MIT License stars pub version

Buy Me A Coffee

Physics-first Flutter animations with a composable, timeline-driven API for building polished transitions, expressive UI motion, and reusable animation systems without wiring imperative controllers through your widget tree.

On scroll demo
source
On scroll visible demo
source
Page view demo
source
iOS context menu demo
source
Draggable panel demo
source
Indicator to button demo
source
Bottom bar demo
source
Delete confirmation demo
source
Expanding cards demo
source
Horizontally expanding cards demo
source
Slack style fab demo
source
Smooth switch demo

source
Three dots action demo
source

Usage

Cue separates animation into a few small pieces:

  • Cue decides when an animation should run.
  • Actor decides which widget is animated.
  • Act describes the effect that is applied.
  • CueMotion describes how it moves, whether that is spring-based or timed with a curve.
  • Keyframes describe multi-step motion.

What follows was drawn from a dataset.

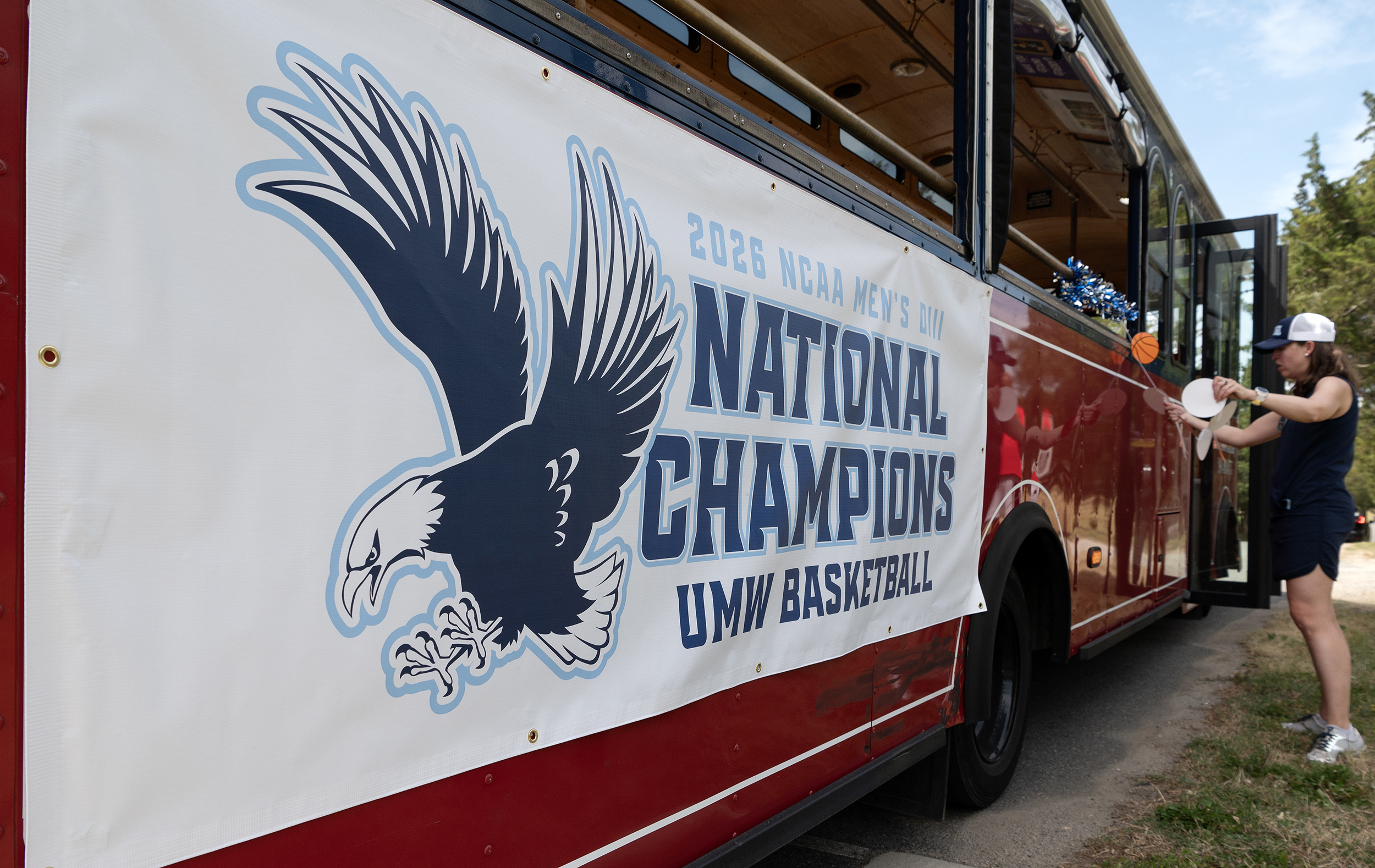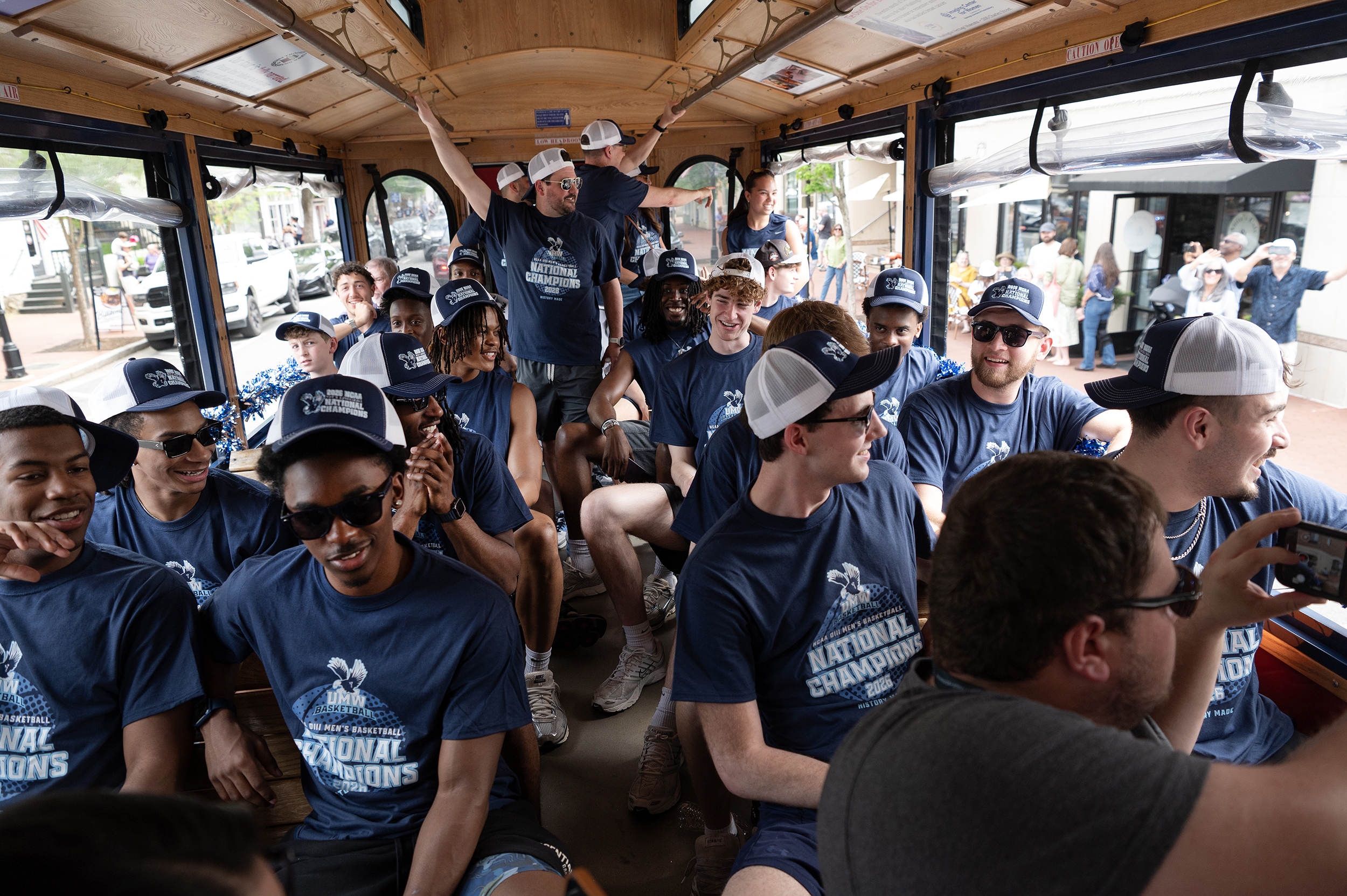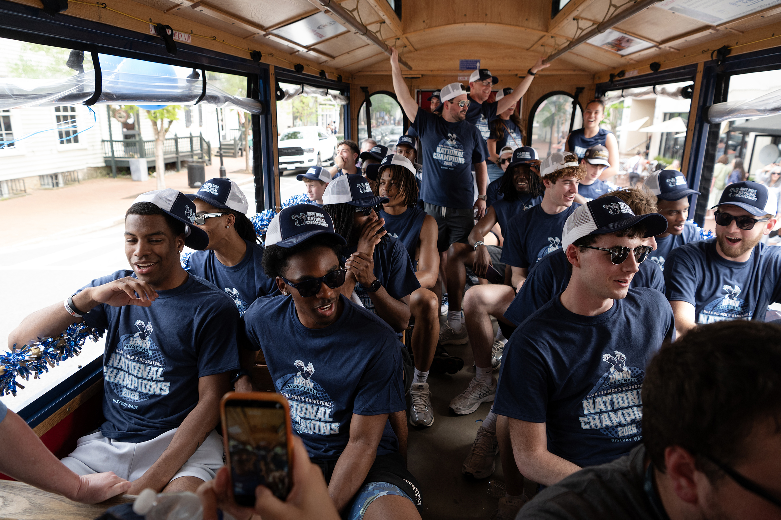 The UMW mens basketball team paraded through town on a trolley.

That separation keeps animation code readable, reusable, and easy to scale across a subtree.

Quick Start

Cue.onMount(
  motion: .smooth(),
  child: Actor(
    acts: [
      .fadeIn(),
      .slideY(from: 0.2),
      .scale(from: 0.96),
    ],
    child: const Text('Hello Cue'),
  ),
)

For a single animated child, you can skip the explicit Actor and pass acts directly to Cue:

Cue.onMount(
  motion: .smooth(),
  acts: [
    .fadeIn(),
    .slideY(from: 0.2),
  ],
  child: const Text('Hello Cue'),
)

If you are exploring animations during development, enable CueDebugTools right after you get the basic setup working. It gives you a scrubber for completed Cue animations and is best wrapped in a kDebugMode check:

MaterialApp(
  builder: (context, child) {
    if (kDebugMode) {
      return CueDebugTools(child: child!);
    }
    return child!;
  },
)

The Building Blocks

1. Cue: the trigger

Cue publishes a CueController to its subtree through CueScope. Any Actor below it can use it to build animations.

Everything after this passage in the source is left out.